## EXERCISE BRIEF:
The output consists only of the lines from the one with "Des girafes dans" through the end of the records, each printed exactly, and contains no pictures.

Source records
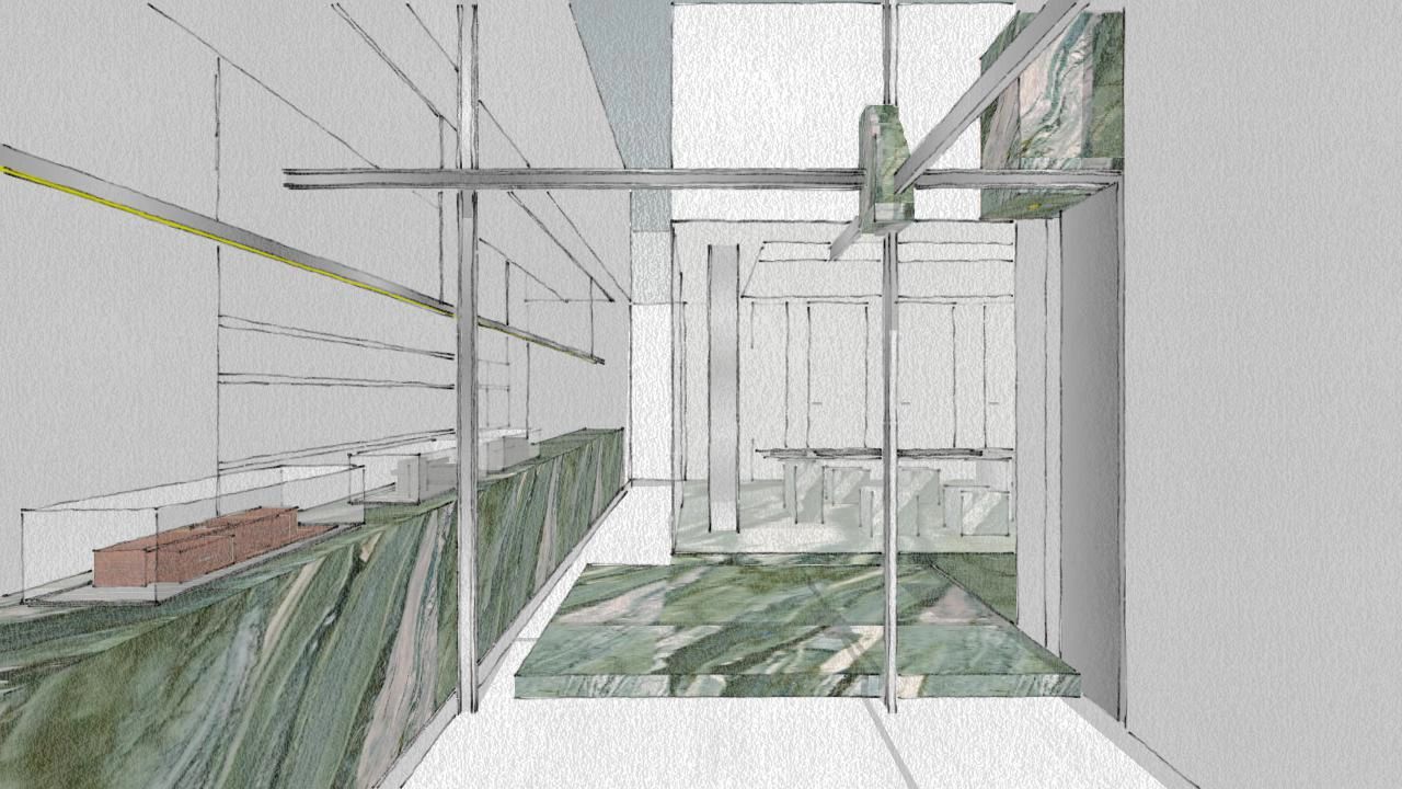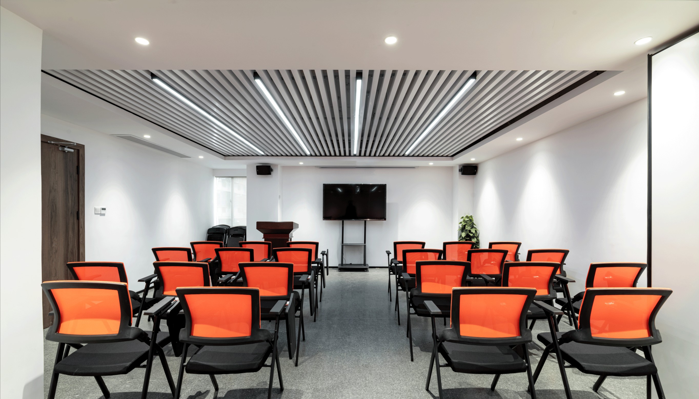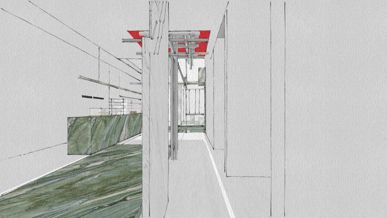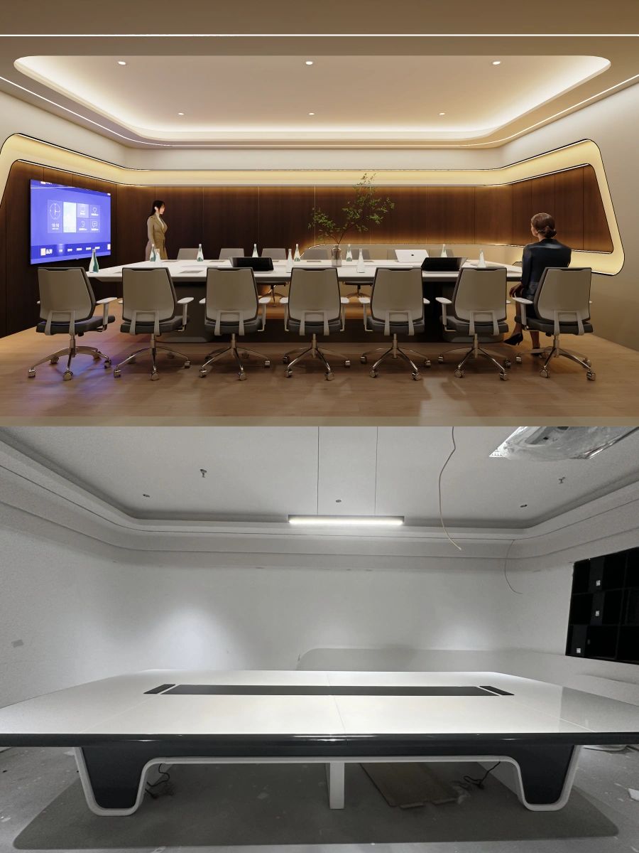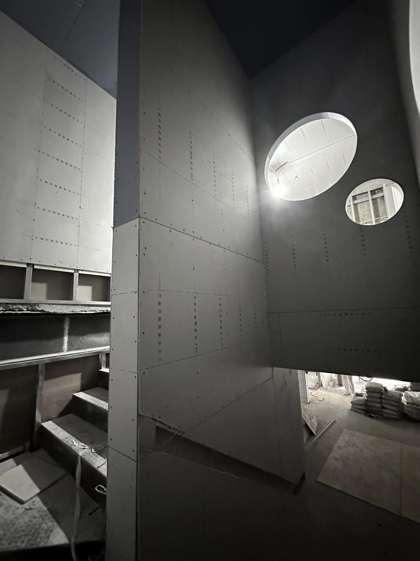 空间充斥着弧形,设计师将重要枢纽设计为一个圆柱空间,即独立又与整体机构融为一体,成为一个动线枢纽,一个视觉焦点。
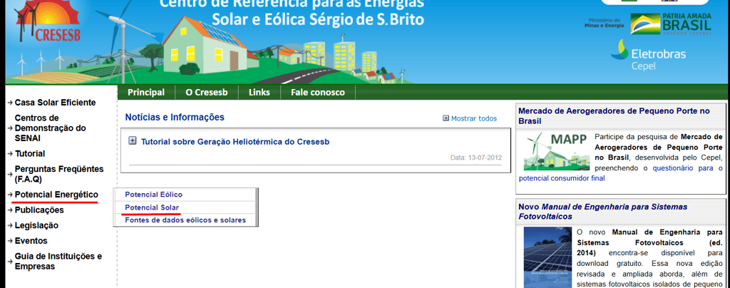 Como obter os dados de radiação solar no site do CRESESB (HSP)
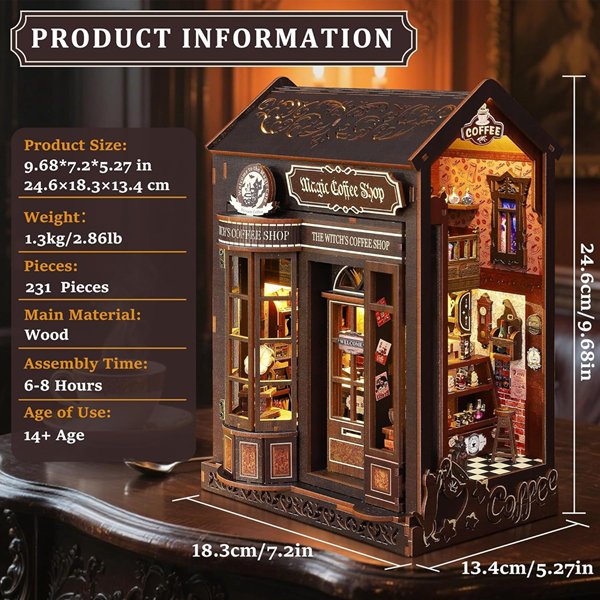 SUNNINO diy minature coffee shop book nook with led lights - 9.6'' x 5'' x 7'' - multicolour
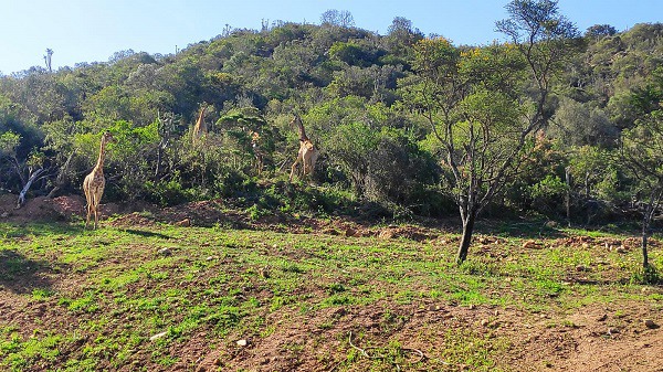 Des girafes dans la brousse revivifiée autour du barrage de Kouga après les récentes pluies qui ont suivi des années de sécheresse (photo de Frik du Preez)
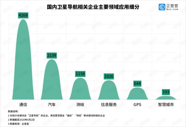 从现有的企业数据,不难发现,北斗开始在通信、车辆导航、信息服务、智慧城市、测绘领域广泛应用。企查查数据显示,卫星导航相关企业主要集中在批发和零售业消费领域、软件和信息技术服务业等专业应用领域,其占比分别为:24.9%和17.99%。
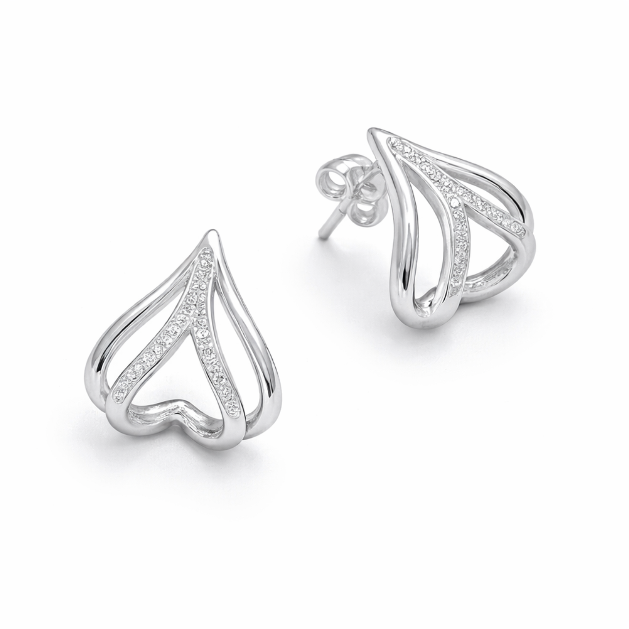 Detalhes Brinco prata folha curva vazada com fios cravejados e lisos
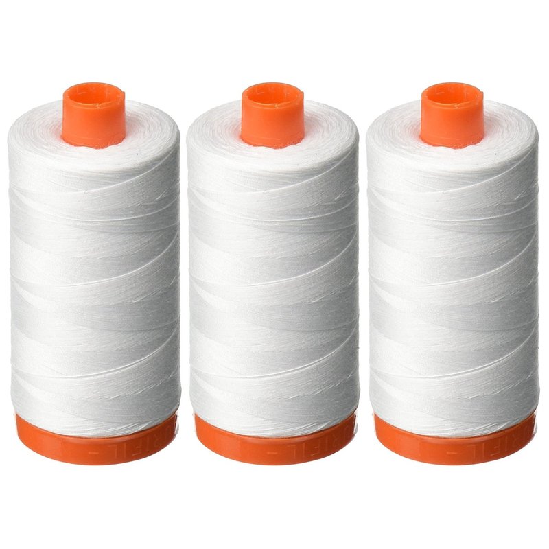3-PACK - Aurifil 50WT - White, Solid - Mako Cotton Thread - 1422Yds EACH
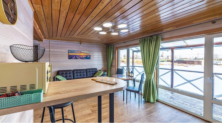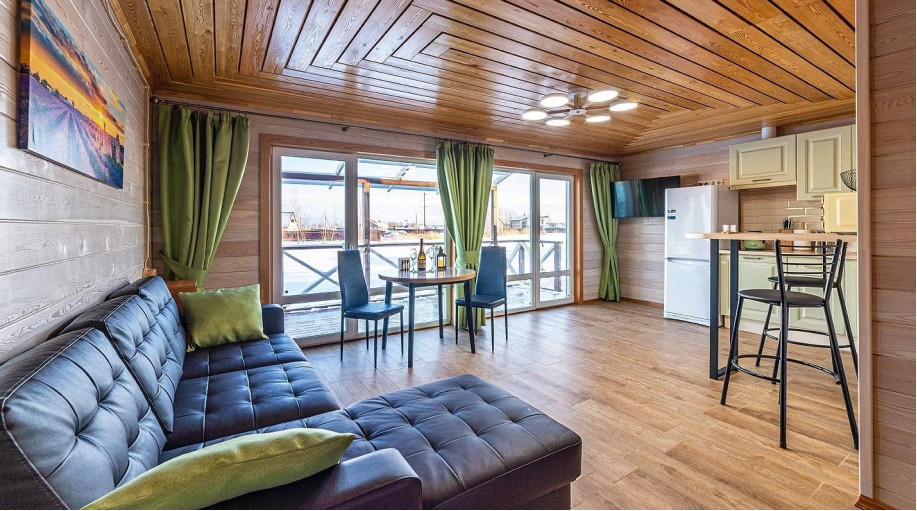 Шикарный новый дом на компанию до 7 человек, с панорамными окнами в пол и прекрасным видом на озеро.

## COMPLETED EXERCISE:
 Des girafes dans la brousse revivifiée autour du barrage de Kouga après les récentes pluies qui ont suivi des années de sécheresse (photo de Frik du Preez)
 从现有的企业数据,不难发现,北斗开始在通信、车辆导航、信息服务、智慧城市、测绘领域广泛应用。企查查数据显示,卫星导航相关企业主要集中在批发和零售业消费领域、软件和信息技术服务业等专业应用领域,其占比分别为:24.9%和17.99%。
 Detalhes Brinco prata folha curva vazada com fios cravejados e lisos
3-PACK - Aurifil 50WT - White, Solid - Mako Cotton Thread - 1422Yds EACH
 Шикарный новый дом на компанию до 7 человек, с панорамными окнами в пол и прекрасным видом на озеро.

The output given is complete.